Saturday, February 13, 2016

Michael Kors Pre-Fall 2016




 Warning! I am writing this while sipping beer on an empty stomach. Although I am still slightly inebriated, there is the slight exaggeration of someone who is simultaneously sleepy and excited at the same time (I am a weird drunk). Tally ho! OK, admittedly I don't know that much about Michael Kors other than what I can find on Wikipedia, which is basically everything, but knowing how old the designer is, where they grew up and the occupation of their parents gives you very little insight into a body of work FACT. Apparently the brand is also very popular among teen girls, unknown demographic in an unnamed 2015 survey. That sounds legitimate. As someone from Australia, Pre-Fall is a very strange beast altogether including a mix of clothing which could be worn in Winter and dresses suitable for our fall. Geographically we are somewhat isolated from the context in which these clothes were created, it is therefore up to is to interpret them in new and strange ways (a concept I have been harping on about for a while now).





 There are some women capable of combining cool and chic, probably from an alien civilization fair more evolved than that of us mere earthlings, or possibly from posh boarding schools which they then snuck out of and from there, experienced the world. Tilda Swinton is of course, the alien but were it not for her devotion to androgyny perhaps she would wear some of these pieces? The trousers mainly. The dresses from this collection are very feminine and even the coats suggest the form and figure of a woman. Whereas the pink pleated dresses with unusual cutouts were made for those who don't think they like wearing pink (because it's too girly or whatever) but simply haven't found the right pink clothes which are distinctly unlike that of a giant Barbie doll. 





Aside: you know, the models caught in action displaying the fluidity of the clothes reminds me a lot of the outfit photos I've been taking lately. It's made me realise that these look best when worn with a pointy-toed heel (the kind that make you wish you had one big pointy toe) rather than the rounded clogs and boots I've been prancing around in. Having a high shutter speed is also desirable, as I myself have discovered through a lot of trial and error. It comes as a breath of fresh air and lends itself more towards the world of fashion editorials, rather than rigid look books full of blank-faced models and posing in front of a plain background. Perhaps it was to consciously emulate the walk of models on the runway, but whatever the case it beautifully shows of the feathers on some of the spectacular cocktail dresses and movement within those wide-legged pants. It also conveys that the women Kors is dressing is preferably a New Yorker and always on the move- both physically and metaphorically.

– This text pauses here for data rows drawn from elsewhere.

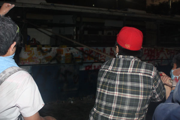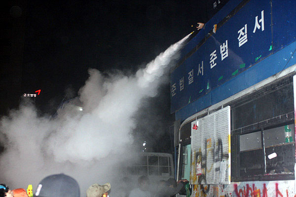 전경버스에 밧줄을 묶은 일부 시민들은 차량을 줄로 끌어당기고 있으며, 경찰은 계속 소화기를 난사하는 동시에 "불법집회를 즉시 중단하시기 바랍니다"라는 경고방송을 계속해서 내보내고 있다. 시민들은 이에 "너희들이 불법이다"라는 구호로 맞서고 있다.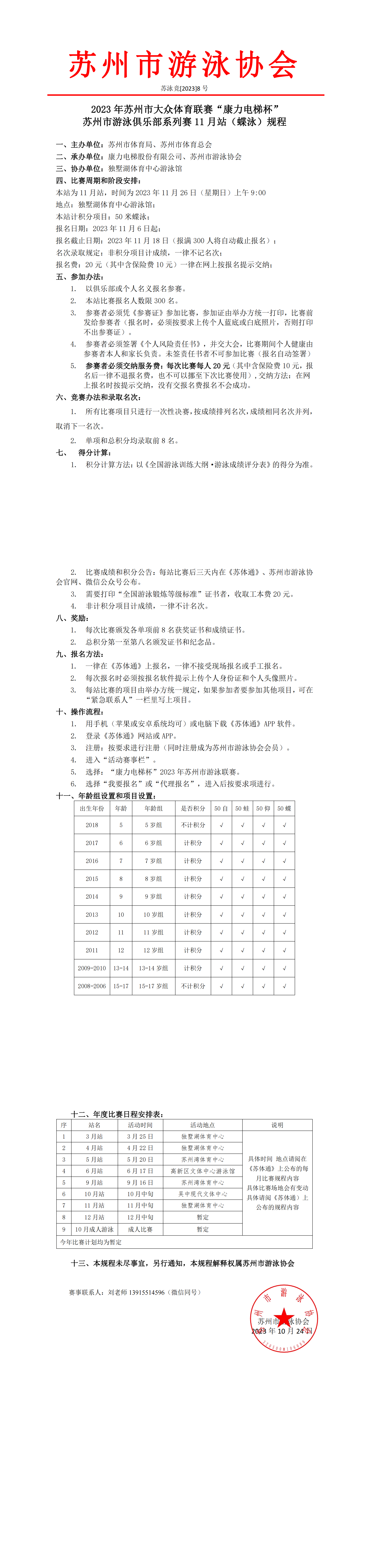 2023年苏州市大众体育联赛“康力电梯杯”苏州市游泳俱乐部系列赛11月站(蝶泳)规程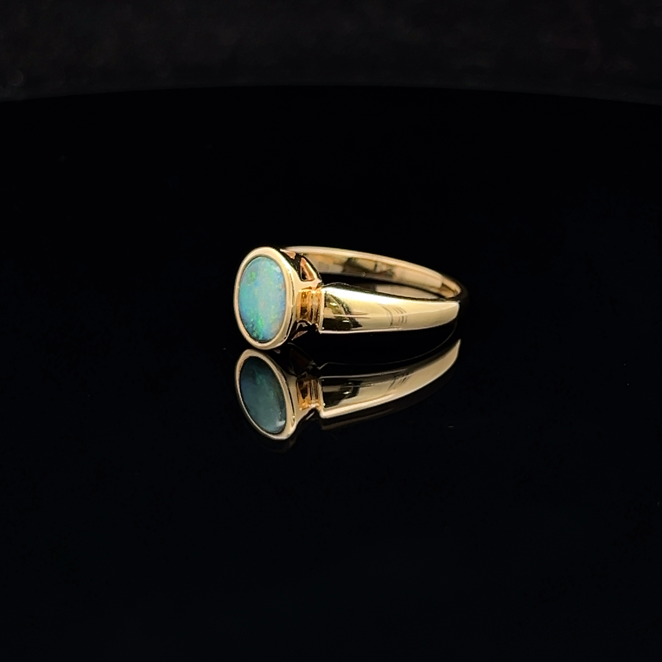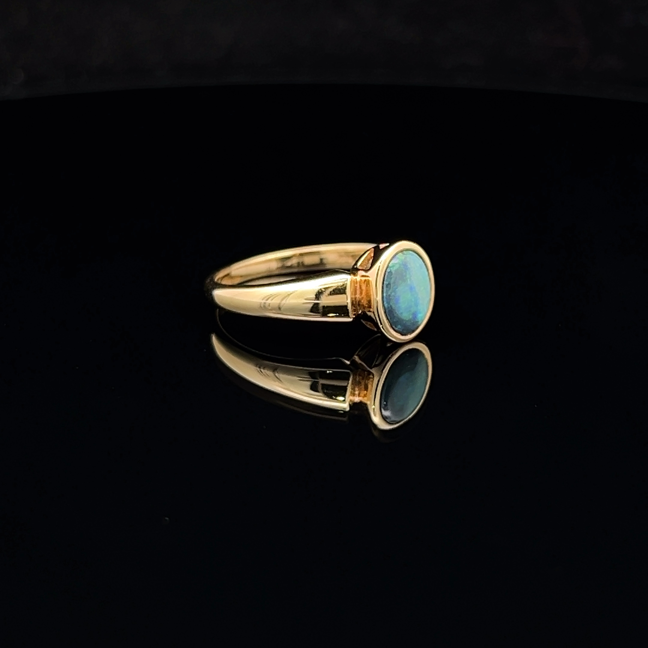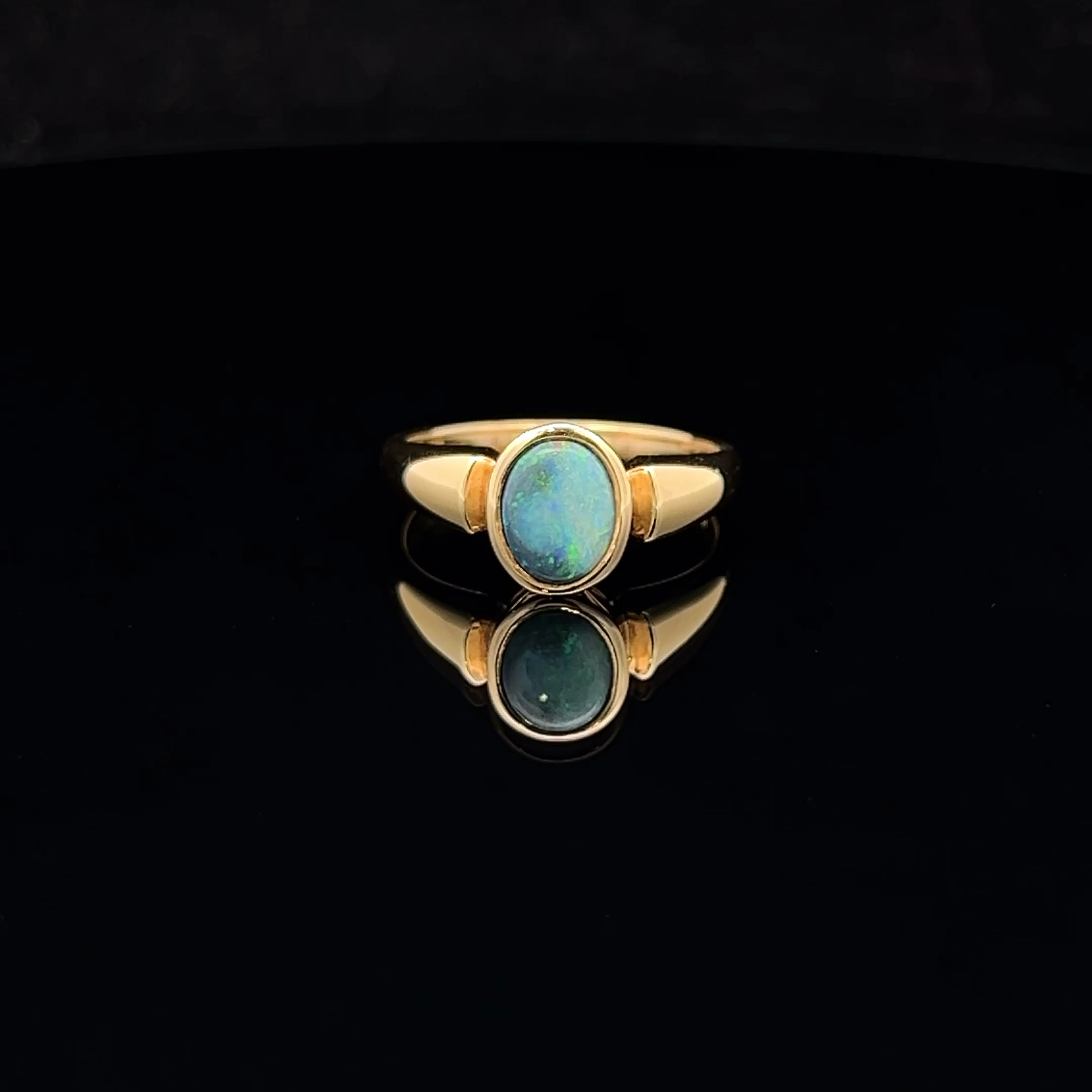 Solid Oval-cut Black Opal set in an intricate 18K Yellow Gold Band

 Despite it being a Pre-Fall collection, there were A LOT of bare legs which has more to do with sex appeal and dressing to attract a man than anything else. Whilst this seems like the MO of Michael Kors he's also collaborated with Leandra Medine the self-titled Man Repeller who promotes women dressing in a way that makes them happy. The two philosophies seem diametrically opposed and whilst the collection itself is somewhat of a grey area it's for the woman to choose whether she self-consciously shows skin to attract a man. Or, if you're anything like me want to wear a jacket from a thrift store or nice vintage piece from etsy and layer layer layer. I'm talking about jeans under a short dress, frumpy boots, maybe a hat, skinny scarf and multitude of brooches. It's not necessarily dressing to look less appealing, but combining happy accidents with a "more is more" frame of thinking. Whether your partner still finds you attractive or not isn't something you should necessarily concentrate on, as long as you're happy.




 All in all I did like this collection, but felt like I wasn't seeing the complete picture, like sensing there is a piece of the puzzle missing when conducting research and unable to find "the missing link". In the fashion world that link is not as well-defined as any scientific theory and generally lacks consensus. However, when analysing this collection as a whole it did become very apparent who Kors is designing his clothes to fit and the very non-nonchalant sexiness of something like a dress with just the right amount of pleats, cutouts and lace. All this is achieved while maintaining a very ladylike silhouette more routed in the 1950s and departing from the 1970s which reigned supreme in the most recent Fall collections. But make no mistake, there is a very modern twist on this collection. The caveat to this is it lacks the magic of a collection which feels very old and very new at the same time. The latter tend not to be as big a commercial success but do make me feel warm and fuzzy inside.